## What is required
Reproduce verbatim the lines of the material below, starting at the line with "JUGEMテーマ:子育て 明日の未就園児の親子登園「カンガルークラブ」は 【焼き芋大会】です。" and ending at the line with "課堂就設(shè)在操場上帳", both inclusive; skip the rest.

Information shown section start

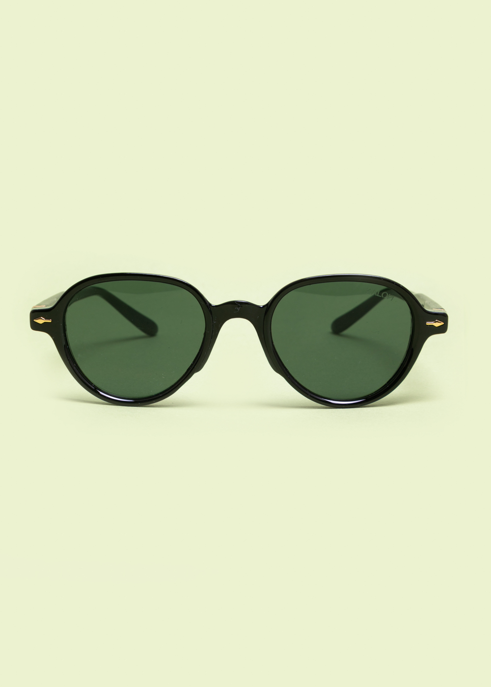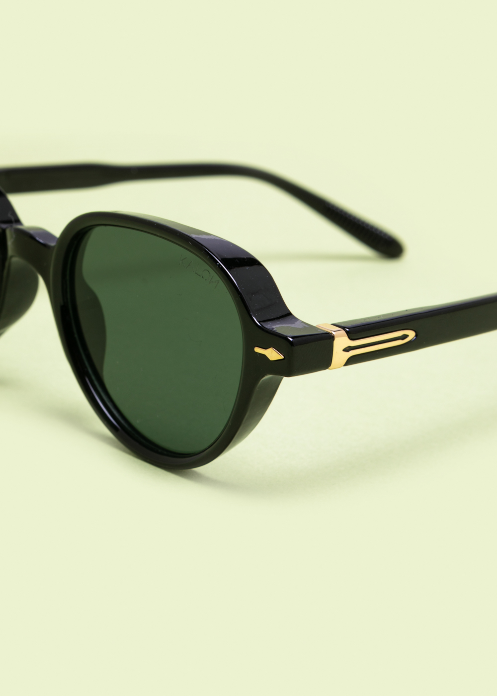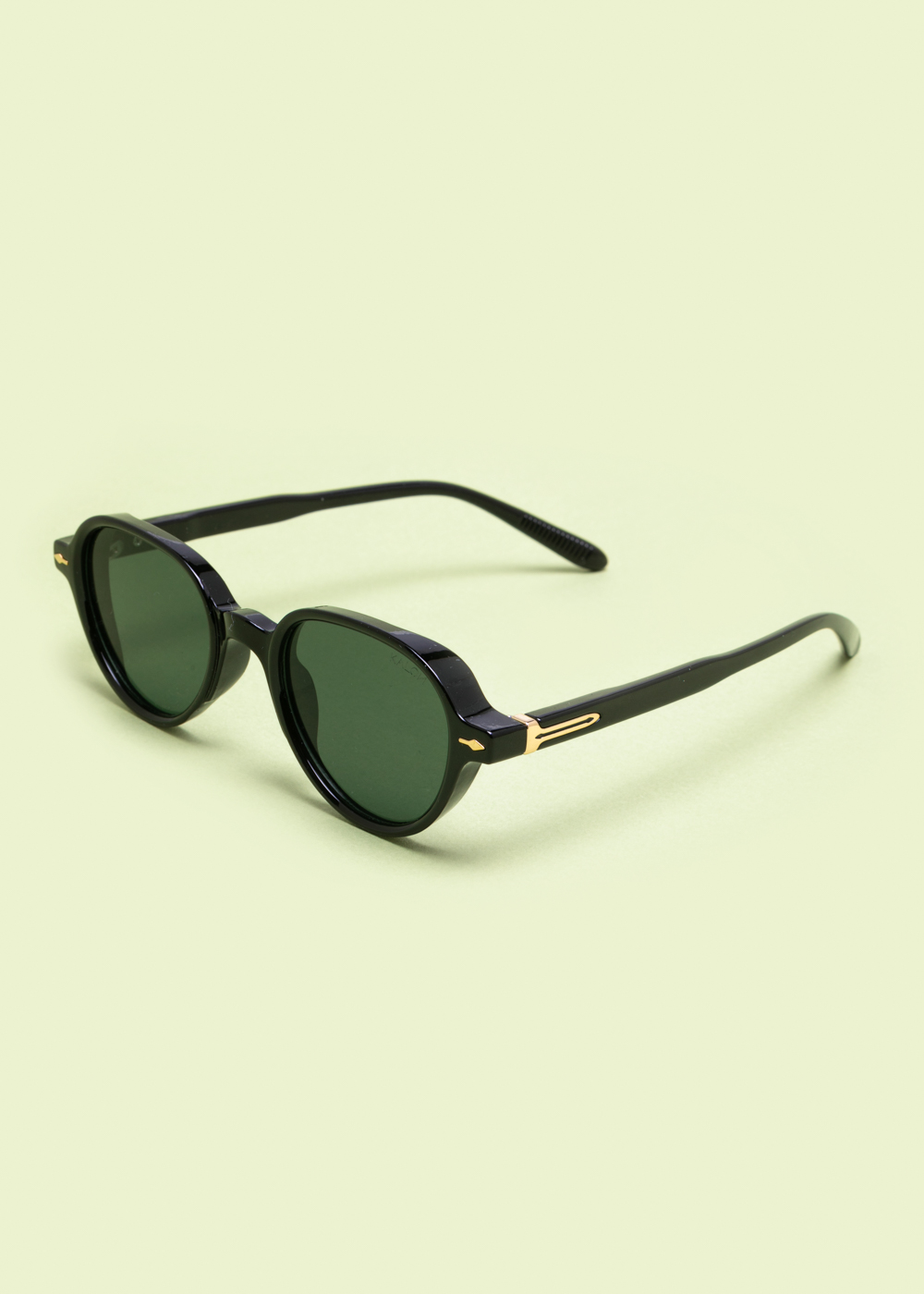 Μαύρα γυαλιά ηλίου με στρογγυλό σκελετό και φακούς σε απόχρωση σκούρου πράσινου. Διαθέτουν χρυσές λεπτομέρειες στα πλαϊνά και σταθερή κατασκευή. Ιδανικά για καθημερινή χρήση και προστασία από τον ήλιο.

Information shown section end
Information shown section start

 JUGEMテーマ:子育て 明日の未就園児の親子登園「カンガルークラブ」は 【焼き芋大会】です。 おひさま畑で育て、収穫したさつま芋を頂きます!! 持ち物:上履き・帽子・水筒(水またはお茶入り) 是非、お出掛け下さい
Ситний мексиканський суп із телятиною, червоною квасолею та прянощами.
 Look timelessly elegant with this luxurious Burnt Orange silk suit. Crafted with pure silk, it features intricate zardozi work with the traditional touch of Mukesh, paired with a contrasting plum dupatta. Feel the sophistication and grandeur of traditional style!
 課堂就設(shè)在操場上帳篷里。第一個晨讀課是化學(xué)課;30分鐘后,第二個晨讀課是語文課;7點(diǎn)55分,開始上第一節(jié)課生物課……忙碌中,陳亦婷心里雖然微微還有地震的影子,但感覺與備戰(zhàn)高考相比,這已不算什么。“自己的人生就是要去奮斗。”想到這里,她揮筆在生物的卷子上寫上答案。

Information shown section end

## Exercise result
 JUGEMテーマ:子育て 明日の未就園児の親子登園「カンガルークラブ」は 【焼き芋大会】です。 おひさま畑で育て、収穫したさつま芋を頂きます!! 持ち物:上履き・帽子・水筒(水またはお茶入り) 是非、お出掛け下さい
Ситний мексиканський суп із телятиною, червоною квасолею та прянощами.
 Look timelessly elegant with this luxurious Burnt Orange silk suit. Crafted with pure silk, it features intricate zardozi work with the traditional touch of Mukesh, paired with a contrasting plum dupatta. Feel the sophistication and grandeur of traditional style!
 課堂就設(shè)在操場上帳篷里。第一個晨讀課是化學(xué)課;30分鐘后,第二個晨讀課是語文課;7點(diǎn)55分,開始上第一節(jié)課生物課……忙碌中,陳亦婷心里雖然微微還有地震的影子,但感覺與備戰(zhàn)高考相比,這已不算什么。“自己的人生就是要去奮斗。”想到這里,她揮筆在生物的卷子上寫上答案。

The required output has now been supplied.